Lots of interest here and some questions arise.
Standard gauge track across the foreground – were the Lancashire boilers brought in along this siding? Two are visible in situ in the boiler house to the left. These are big and presumably fairly heavy items but the access to the boiler beds seems quite restricted in these photos, as the re is already corrugated sheeting on the north end wall, beaterfloor construction going on at the south end and the bunkers along the river front (in case they were delivered by water).
As an aside, we used to have photographs in the family (now lost) of the delivery of a new Lancashire boiler to Allnutt’s lower Tovil mill. This was delivered by rail (the loco was numbered in the later SR scheme with 1000 added to the original SECR number, so post 1927 or thereabouts), the boiler was brought into Tovil goods yard (on the goods branch), rolled off the wagon and down the embankment before being dragged up onto a solid wheeled trailer and towed around to the mill entrance by a traction engine. From there it was probably moved into position by packing and jacking and use of rollers. So the APM boilers could have been moved in a similar fashion. The NG track might just have been able to carry one on several wagons, but would have been a bit precarious, though precarious sums up quite a lot of the scenes in these photos.

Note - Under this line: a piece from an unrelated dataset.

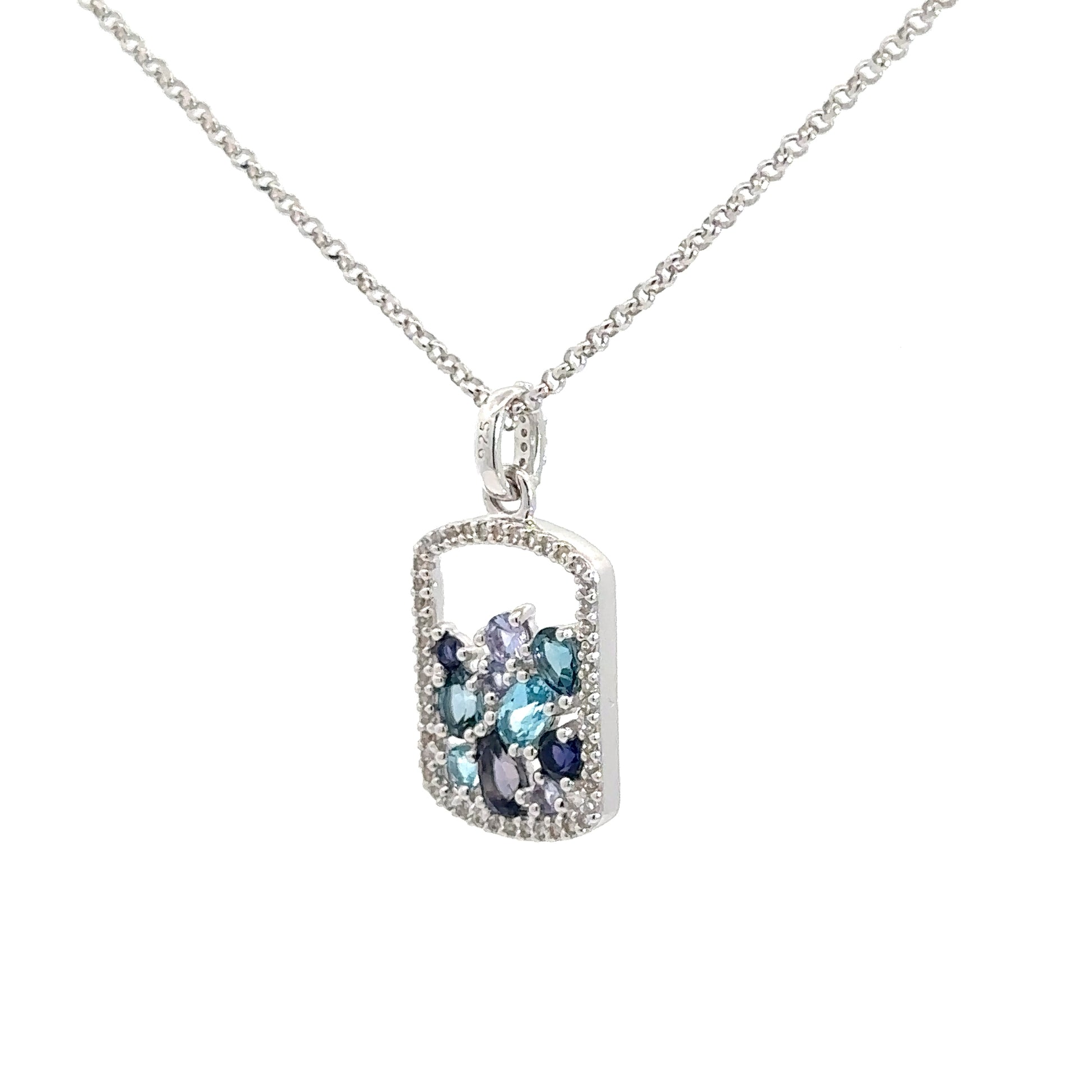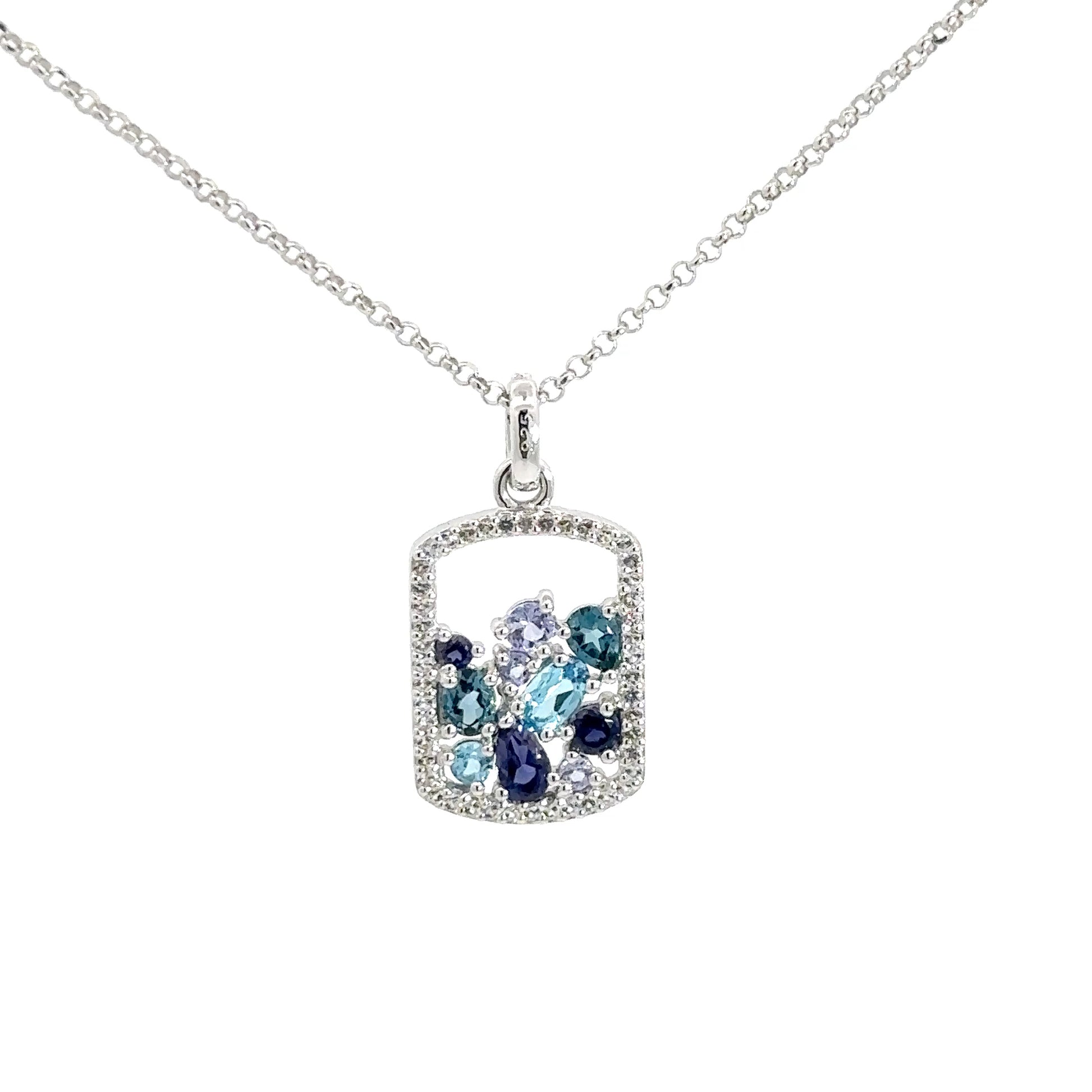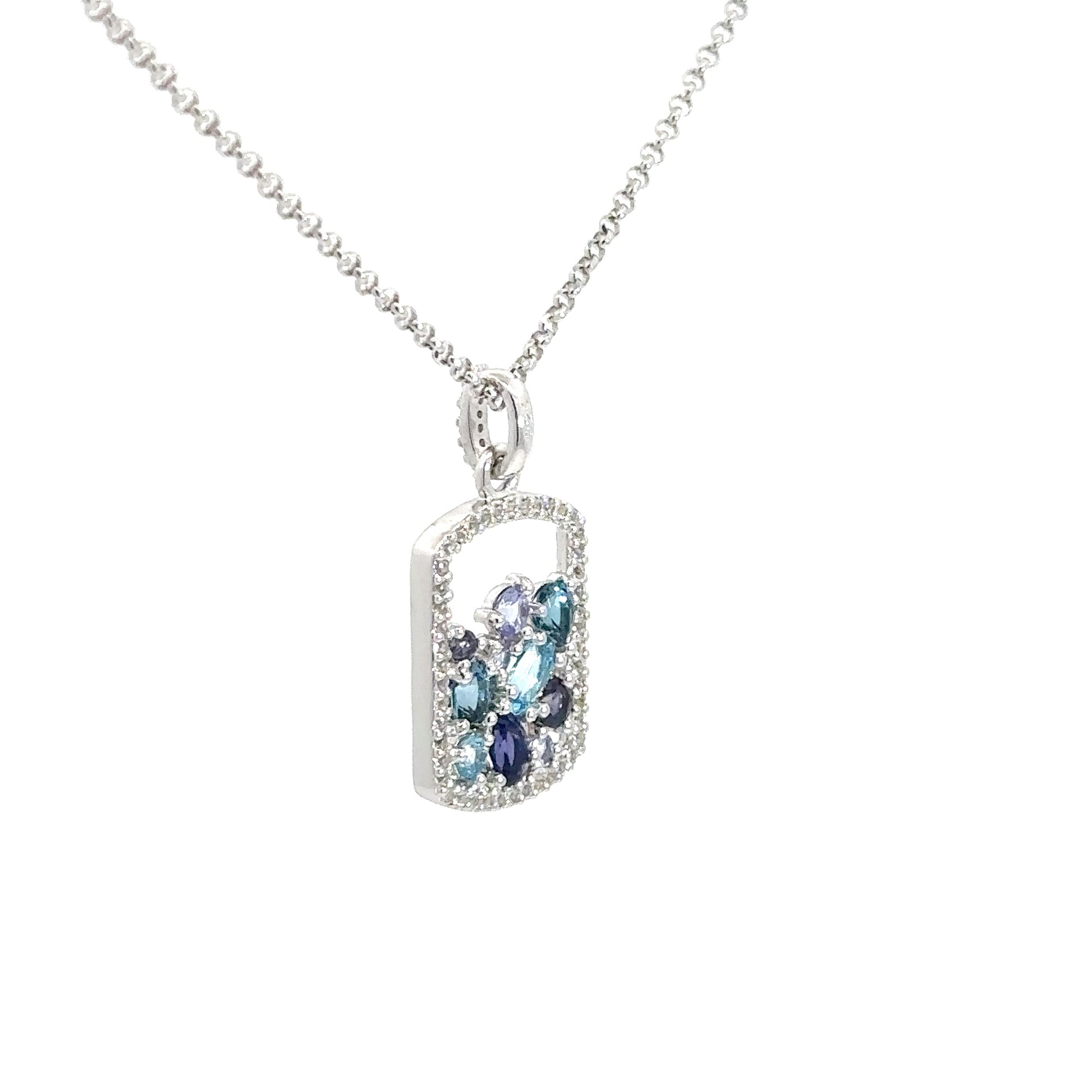 Add a pop of color to your everyday look with our stunning sterling silver multi-color cubic zirconia pendant. The pendant showcases a variety of elegant blue hues in unique shapes, surrounded by a sparkling white cubic zirconia halo. Elevate any outfit with this versatile and eye-catching piece!

The deep excavation in the foreground may just (almost certainly, see drawing AX130) be part of the excavation for the turbine condenser cooling water intake / outfall which extended under the river bed (see sketch), which I have seem drawings of. At this time the river bank extended beyond the new wharf wall, and was later cut back extensively, hence most of the excavation and pipe installation could have been achieved on ‘dry land’ (given the waterlogged gravel under the site as a whole). The pipe under the railway track is either temporary for dewatering the diggings (seen earlier), or permanent for the wet pit sump, as there appears to be a valve installed in the line further back.
There is a derailed NG skip wagon behind the gaffer, to his right a short NG spur served at right angles from the line across the bunkers (on which a skip wagon chassis stands), by a turnplate.